Canada originally ordered the construction of 33 frigates in October 1941. The design was too big for the locks on the Lachine Canal so it was not built by the shipyards on the Great Lakes and therefore all the frigates built in Canada were built in dockyards along the West Coast or along the St. Lawrence River below Montreal. In all Canada ordered the construction of 60 frigates including ten for the Royal Navy that transferred two to the United States Navy.

==War service==
After transiting from Victoria to Halifax Wentworth departed for Bermuda to work up. However while training, she developed defects and was forced to return to Halifax to undergo repair. Following that, she completed working up in St. Margaret's Bay.

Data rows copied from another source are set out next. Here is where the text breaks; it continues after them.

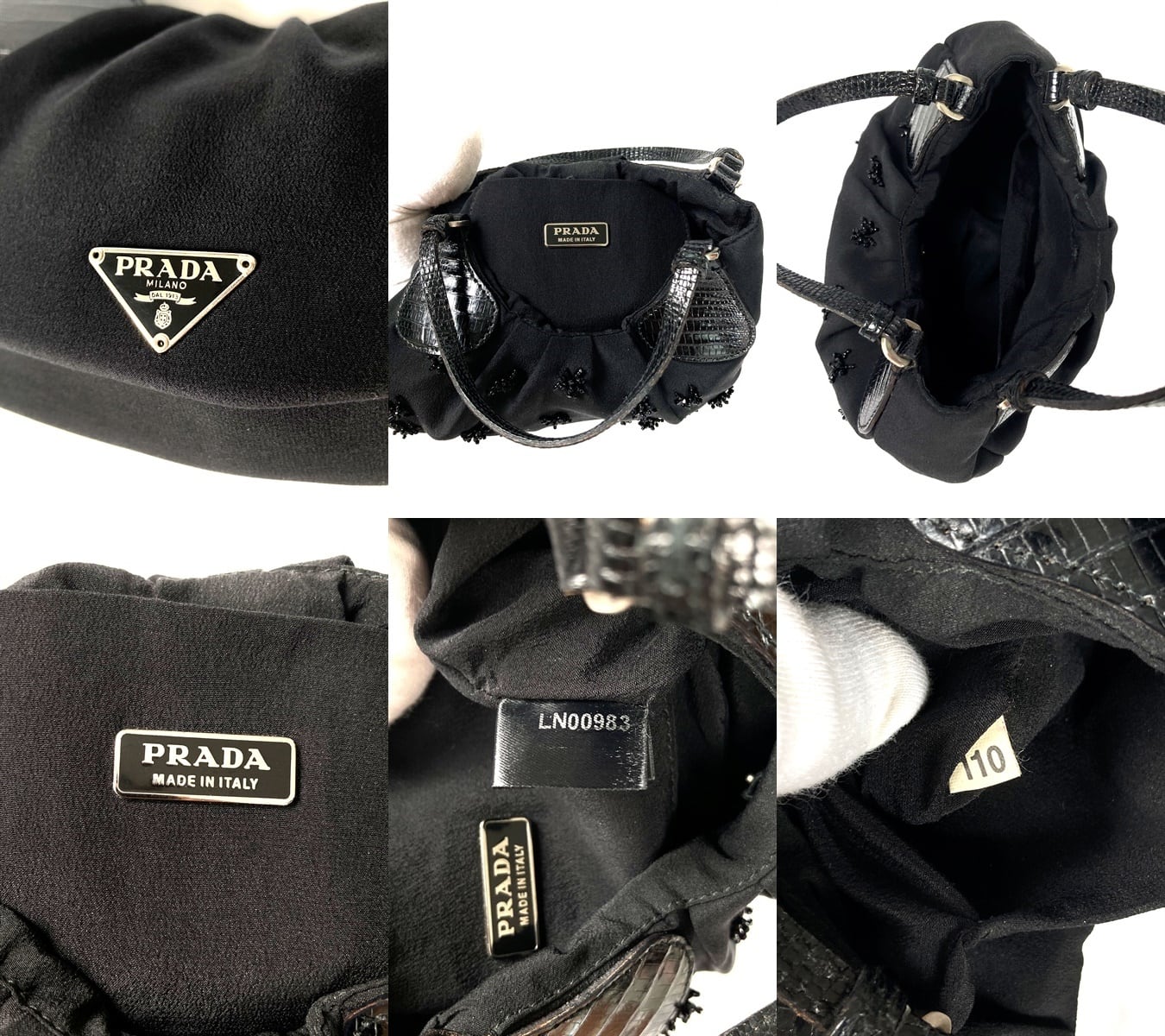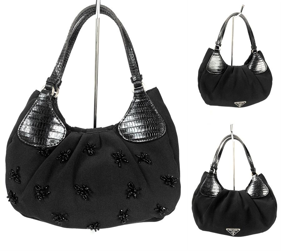 PRADA プラダ ロゴプレート レザー サテン&シルク スパンコールビーズ ミニ ハンドバッグ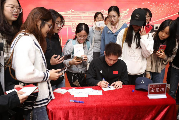 共享尾声,现场同学们列队与谢念念埸合影并签名眷顾,示意将以奥运冠军谢念念埸为榜样,把拼搏精神滚动为我方的行径,把爱国精神铭记于心,在东说念主生的赛说念上以坚韧信仰与实干担当,争作念新期间有为后生,在民族请问的征途上戮力冲锋。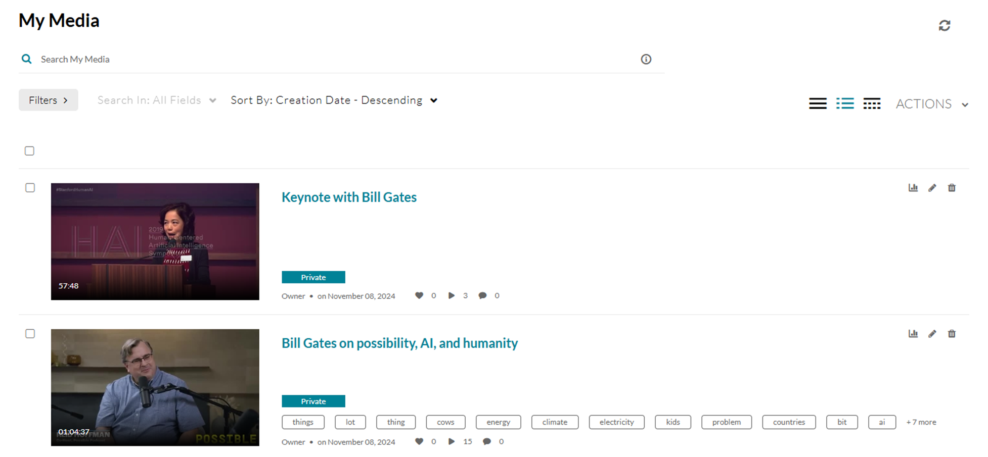 2. On the My Media page, click the desired media's thumbnail.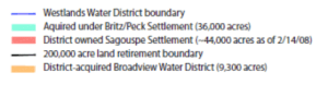[Red] Sagouspe Settlement (2002): Separate from the USBR retirement program, Westlands Water District agreed to buy another 65,000 acres of impaired land, and reallocate the contracted water to equalize water contracts in the district. As of February 14, 2008, the district had acquired over 44,000 acres.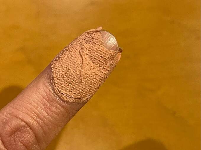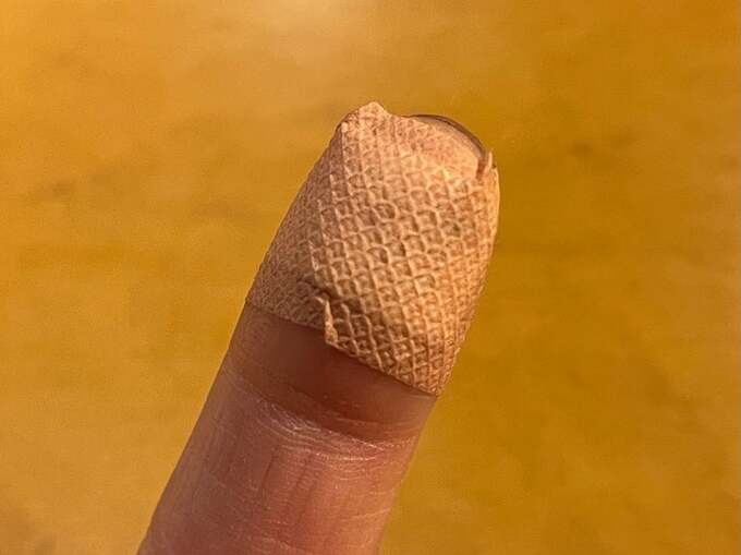 「左手でまだ良かった。血止めして、消毒して、応急処置。どうなることやら、ついうっかり、あわてんぼうは損しますね。短気は損気。くれぐれも気をつけま〜す」と、メンテナンスで左指を負傷したことを報告していました。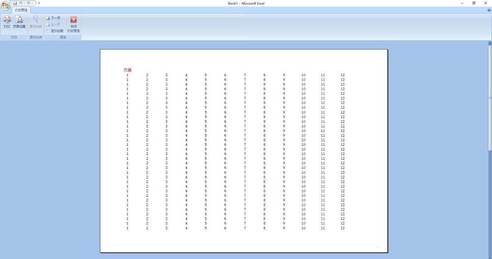 3、在预览里查看表格,页眉字体颜色是彩色的,但打印出来后仍然显示黑色,即使用彩色打印机也是这般效果。

In June 1944 Wentworth was assigned to the Mid-Ocean Escort Force escort group C-4. She began service as a trans-Atlantic convoy escort that month, and was made Senior Officer's Ship of the group in August 1944. The vessel remained in this function until February 1945, when she returned to Canada to undergo a significant refit at Shelburne, Nova Scotia. This refit lasted from 7 March until 9 August. By then the war in Europe had come to an end. Her services no longer needed, she was paid off 10 October 1945 and laid up in Bedford Basin. She was sold for scrap on 17 November 1947 and taken to Sydney, Nova Scotia to be broken up by Dominion Steel Corp. in 1948.